-Para pendeta ingin mengawal killian sampai ke kamarnya, ditolak dengan alasan ingin berduaan saja dengan Rietta
-Pendeta meninggalkan Rietta dan Killian
-Rietta curiga dan cemas jika pendamping killian dari pihak Ratu akan berbahaya
-killian mengatakan peran Rietta sudah selesai sampai disini
-Waktu masuk kamar, darah berceceran dan mereka berdua menemukan mayat Ostia
-killian mengeluarkan mayat ostia
-Rittea bantu bersih2 darah yang berceceran
-prajurit ingin menggeledah kamar Killian untuk proses pencarian Ostia
-Bau darah masih tercium walau sudah menyebar parfum dan asap rokok.
-Rietta menyayat kakinya agar berdarah
-Rietta membuka pintu kamar untuk membiarkan Prajurit melanjutkan pencarian Ostia
Link Spoiler Cursed Blessing Ep lain
Spoiler lengkap :
setelah itu Killian dan Rietta bakal pergi ke kamar mereka, karna ceritanya mereka pura2 bakal bermalam, ada beberapa pendeta yg mau deketin Killian, tapi Killian beralasan kalau ga mau diganggu, tinggal berdua aja.
Si rietta nanya ke Killian "Kalau misal pendampingnya Ostia adalah dari pihak Ratu, bukankah pemberkatan besar ini berbahaya?" Killian bilang peran Rietta untuk hari ini dah selesai. Setelah ane baca lagi, sebenarnya Killian udah gamau Rietta terlibat lagi sama acara pemberkatan ini, cukup pura2 jadi selirnya aja.
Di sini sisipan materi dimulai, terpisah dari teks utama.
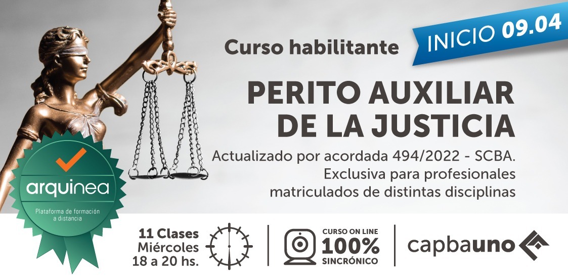 El Curso en su edición 2025-, tiene como fin capacitar a matriculados para obtener la habilitación para ejercer como profesional auxiliar de la justicia (perito) del Poder Judicial en todo el ámbito de la provincia de Buenos Aires.

Waktu mereka masuk ke kamar, tiba2 kamarnya gelap bau darah dan darah berceceran dimana2.
Si Rietta mau minta tolong sama prajurit disana, tapi Killian malah narik Rietta dan kunci kamar. mungkin karena takut akan menambah masalah.
Killian udah siapin pedangnya takut2 kalau ada penyusup yg mau bunuh dia. Waktu dibuka lemari rupanya ada mayat Ostia disana pendeta tinggi sepupu Ratu.
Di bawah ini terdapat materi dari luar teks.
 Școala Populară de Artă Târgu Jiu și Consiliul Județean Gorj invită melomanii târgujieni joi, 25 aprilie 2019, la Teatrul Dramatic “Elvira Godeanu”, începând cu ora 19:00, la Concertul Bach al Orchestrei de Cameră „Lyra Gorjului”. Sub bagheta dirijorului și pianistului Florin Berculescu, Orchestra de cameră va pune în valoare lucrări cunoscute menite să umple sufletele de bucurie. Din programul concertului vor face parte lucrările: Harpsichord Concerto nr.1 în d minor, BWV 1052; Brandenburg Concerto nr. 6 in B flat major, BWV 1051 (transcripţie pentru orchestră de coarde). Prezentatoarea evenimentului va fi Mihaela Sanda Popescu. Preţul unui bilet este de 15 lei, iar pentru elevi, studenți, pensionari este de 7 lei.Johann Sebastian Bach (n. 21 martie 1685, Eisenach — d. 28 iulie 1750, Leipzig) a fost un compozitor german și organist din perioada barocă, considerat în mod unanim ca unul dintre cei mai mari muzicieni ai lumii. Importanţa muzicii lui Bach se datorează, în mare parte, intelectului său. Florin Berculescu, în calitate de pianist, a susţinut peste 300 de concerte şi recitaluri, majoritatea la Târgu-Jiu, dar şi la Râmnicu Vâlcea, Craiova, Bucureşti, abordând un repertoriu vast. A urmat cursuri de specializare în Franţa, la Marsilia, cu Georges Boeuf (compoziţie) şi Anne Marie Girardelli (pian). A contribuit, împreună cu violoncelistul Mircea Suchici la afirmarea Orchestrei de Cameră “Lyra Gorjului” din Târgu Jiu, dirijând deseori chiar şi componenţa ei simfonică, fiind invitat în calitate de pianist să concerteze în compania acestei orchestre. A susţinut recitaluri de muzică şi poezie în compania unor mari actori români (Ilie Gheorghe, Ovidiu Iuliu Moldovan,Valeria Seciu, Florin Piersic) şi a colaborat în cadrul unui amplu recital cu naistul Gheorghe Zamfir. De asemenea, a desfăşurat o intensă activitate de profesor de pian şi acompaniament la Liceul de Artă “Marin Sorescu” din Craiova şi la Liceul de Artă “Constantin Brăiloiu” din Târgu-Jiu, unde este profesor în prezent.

Kemungkinan mau menjebak Killian supaya dituduh bunuh Ostia. Apalagi Ostia ini sepupu Ratu, mungkin bisa membuat Killian dihukum mati? Cuma spekulasi saaa.
Prajurit yg kehilangan Ostia mencarinya .
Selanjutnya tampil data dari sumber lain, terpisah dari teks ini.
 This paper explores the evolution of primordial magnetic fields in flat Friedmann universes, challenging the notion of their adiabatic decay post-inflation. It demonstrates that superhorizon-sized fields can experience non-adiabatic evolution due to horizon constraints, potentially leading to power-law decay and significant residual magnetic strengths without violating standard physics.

Rietta bertanya pada Killian dan butuh dibantu apa. Killian suruh bersihkan darah yang bercecer. Killian membungkus mayat Ostia.
Prajurit mulai menggedor kamar Killian. Killian sama rietta bersih2 darah yg berceceran, tapi baunya tetap ada. Killian menghapus baunya dgn bau rokok, tapi tetap tercium.
Rietta mulai memikirkan cara lain, setelahnya Rietta mendekati Killian dan mengambil pedang Killian. Killian terkejut "Apa yang kamu lakukan sekarang?"
Rietta menyayat paha kanannya, mengeluarkan banyak darah, lalu membalut lukanya.
Killian geram dan marah "Apa yang kau lakukan?"
Prajurit kembali memaksa masuk kamar mereka.
Rietta teriak "Aku tak apa-apa Tuan" lalu menatap Killian dengan wajah serius seperti gambar diatas. lalu Rietta membuka pintu kamar.